ART. 23 – The assets are constituted:

  • from movable and immovable property that will become the property of the Organization;

any reserve funds constituted with the budget surplus;

  • from any donations and donations to the Organized Organization. The Associative Organization draws the financial resources from:
  • a) associative quotas;
  1. b) Contributions, donations and oblations of people, public or private associations or associations;
  2. c) proceeds from the organization of events or participation in them;

(d) any other revenue which is incurred to increase the social capital, such as: funds received as a result of occasional public collections also by offering goods of a modest value;

(e) contributions paid by public administrations for the conduct of activities having a social purpose.

ART. 24 – The financial year ends on December 31 of each year.

Within the ninety days from the end of each financial year, the Board of Directors will prepare the financial statements for the preparation of the balance sheet at the end of the financial year and the keeping of accounting records, 25 of the DLGS. n. 460 of December 4, 1997. It is forbidden to distribute, even indirectly, retained earnings or retained earnings, funds, reserves or capital during the life of the Organization, unless the destination or distribution is made by law or is made to favor of other Onlus that by law are part of the same and unified structure.
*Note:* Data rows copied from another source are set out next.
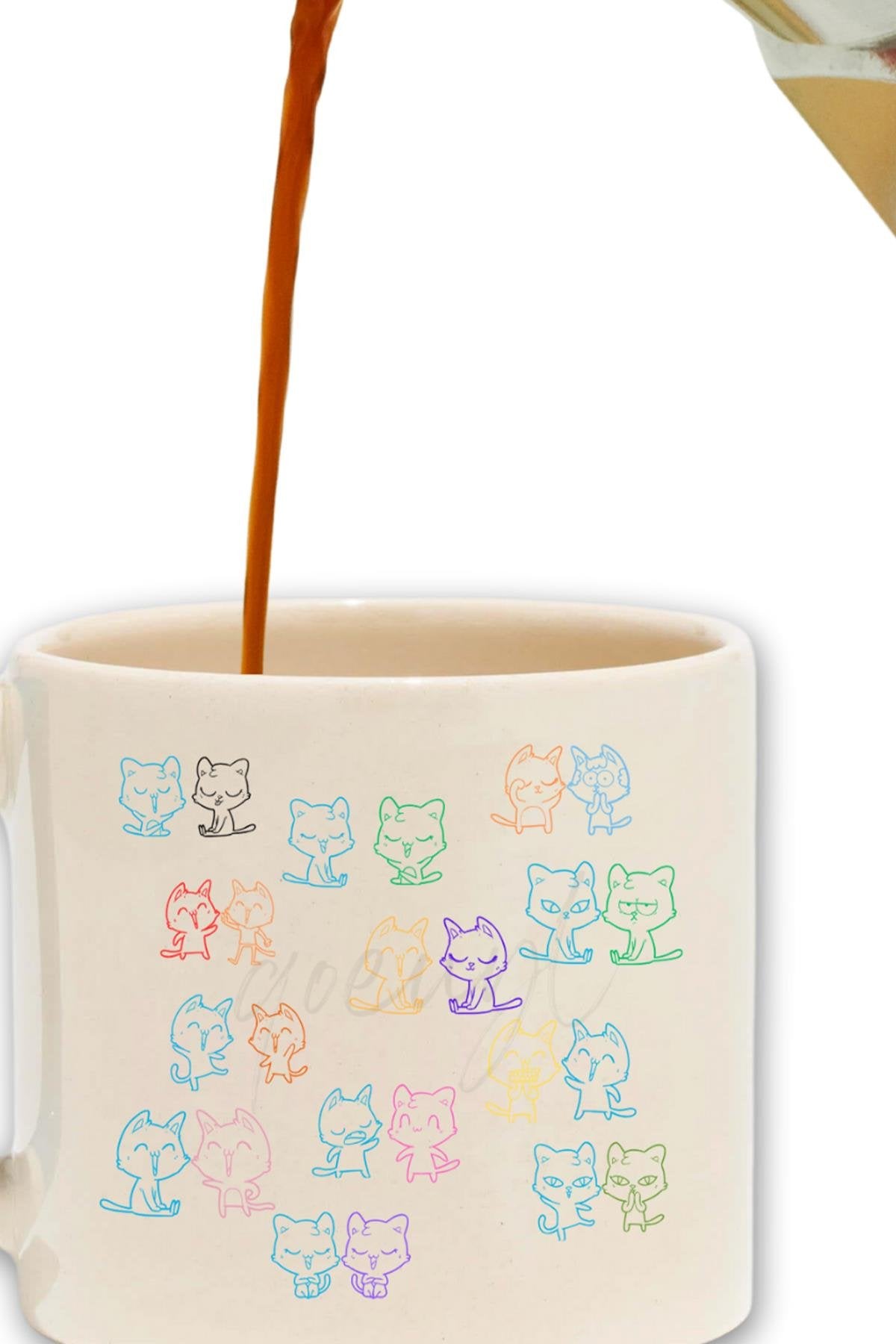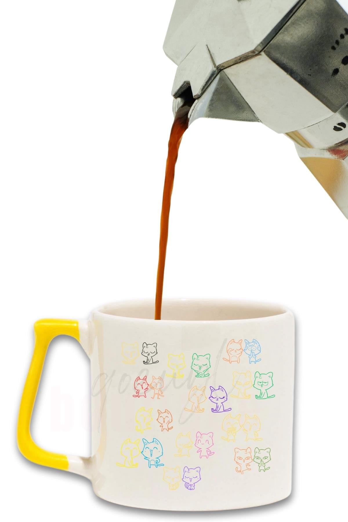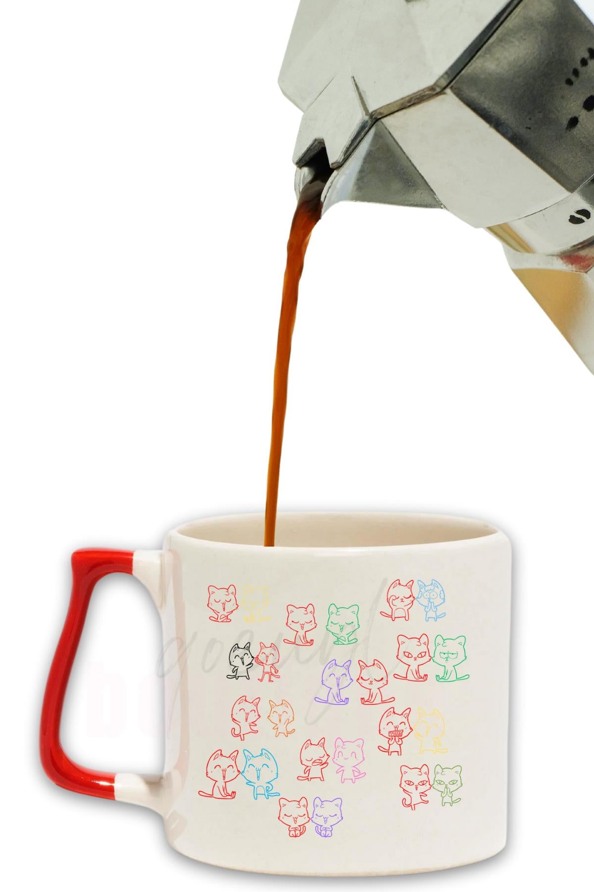 Kediler Mahallesi Baskılı Hediyelik Renkli Kulplu Modern Seramik Kupa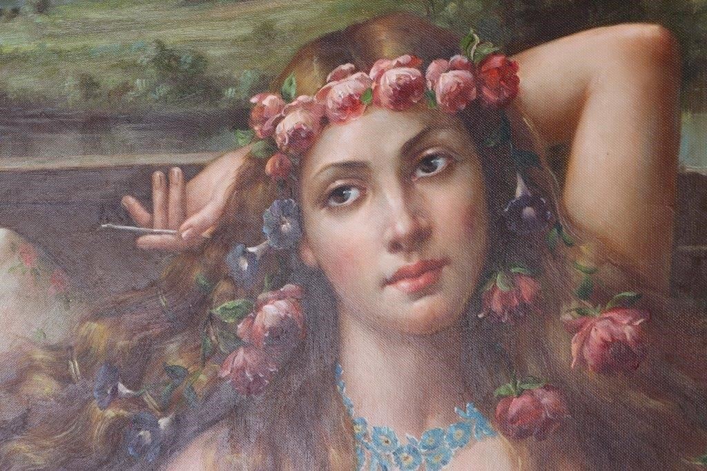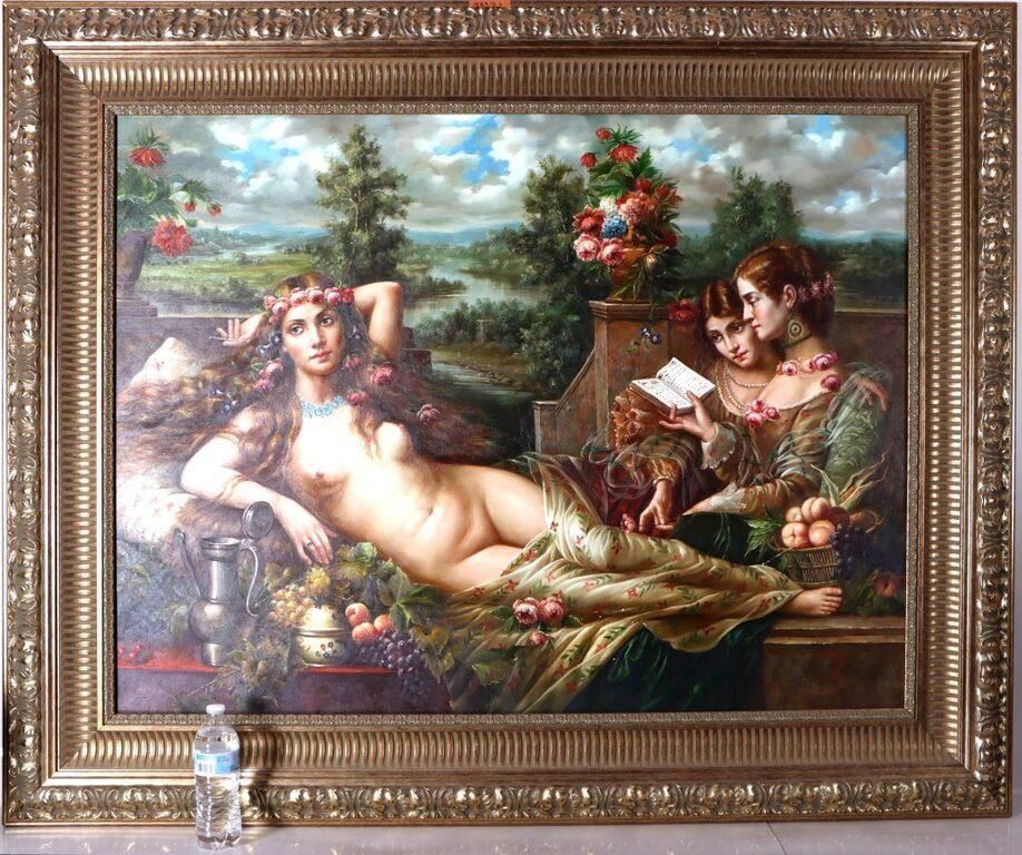 Unknown Artist Nude Woman oil on canvas to include artist signature and very nice elaborate frame.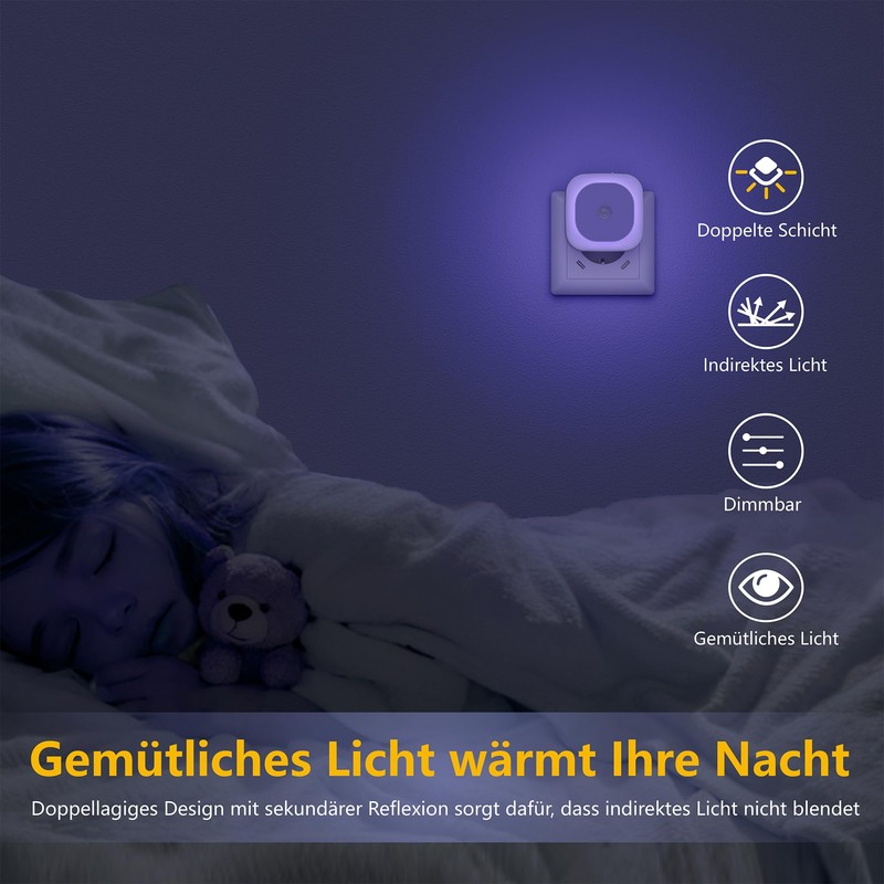 - ??Lichtsensor und Bewegungssensor Modus??: Im Lichtsensor-Modus schaltet sich das Nachtlicht tags??ber automatisch aus und schaltet sich nachts ein, es ist kein zus?tzlicher Betrieb erforderlich, was es ideal f??r Schlafzimmer oder Treppen macht. Im Bewegungssensor-Modus schaltet sich das bewegungsaktivierte Nachtlicht in der Dunkelheit automatisch ein und schaltet sich dann nach 60-Sekunden Inaktivit?t automatisch aus, um Energie zu sparen, geeignet f??r Bereiche, in denen eine konstante Beleuchtung nicht erforderlich ist.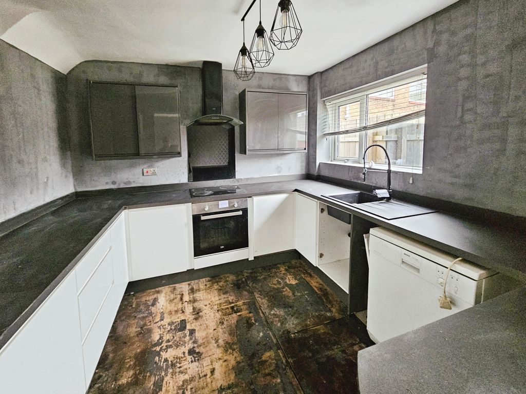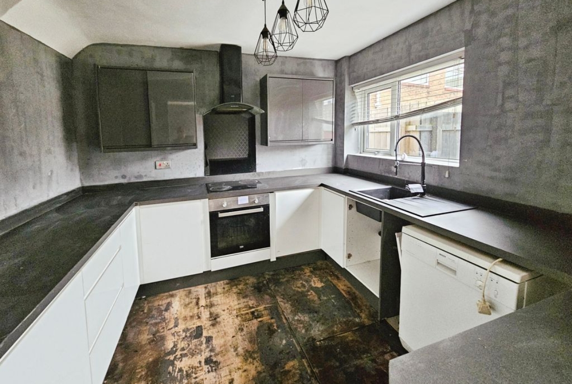 Double glazed window to rear, fitted with a range of wall, floor and drawer’s units with co-ordinating roll edge work surfaces, co-ordinating sink unit and drainer with mixer tap, built in electric fan assisted oven,  electric hob with extractor fan above, space for fridge freezer, plumbed for washing machine and dishwasher.

Profits and management surpluses must be compulsory for the execution of institutional or related activities.


ART. 25 – Membership of Members in the Organization implies the full acceptance of this Statute.


ART. 26 – Amendments to the Articles of Association are proposed by the Board of Directors or at least one tenth of the Shareholders and must be approved by an Extraordinary Shareholders’ Meeting convened with notice of at least 60 (sixty) days. Within this deadline, all those convened must receive a copy of the proposals. changes.


ART. 27 – The Board of Directors has the power to establish and, if necessary, to amend the regulations implementing this Statute.


ART. 28 – The Organization’s Lifetime is Unlimited The Organization is dissolved by resolution of shareholders or by inactivity for more than two years. The dissolution of the Organization shall be resolved by the Shareholders’ Meeting, which shall appoint one or more liquidators and shall deliberate on the disposal of the remaining assets: the assets must be transferred to the Assembly by liquidators in favor of other shareholders non-profit organizations of social utility or for public utility purposes, after hearing the control body referred to in art. 3 paragraph 190 of the Law of 23 December 1996 n. 662, except for a different destination set by law.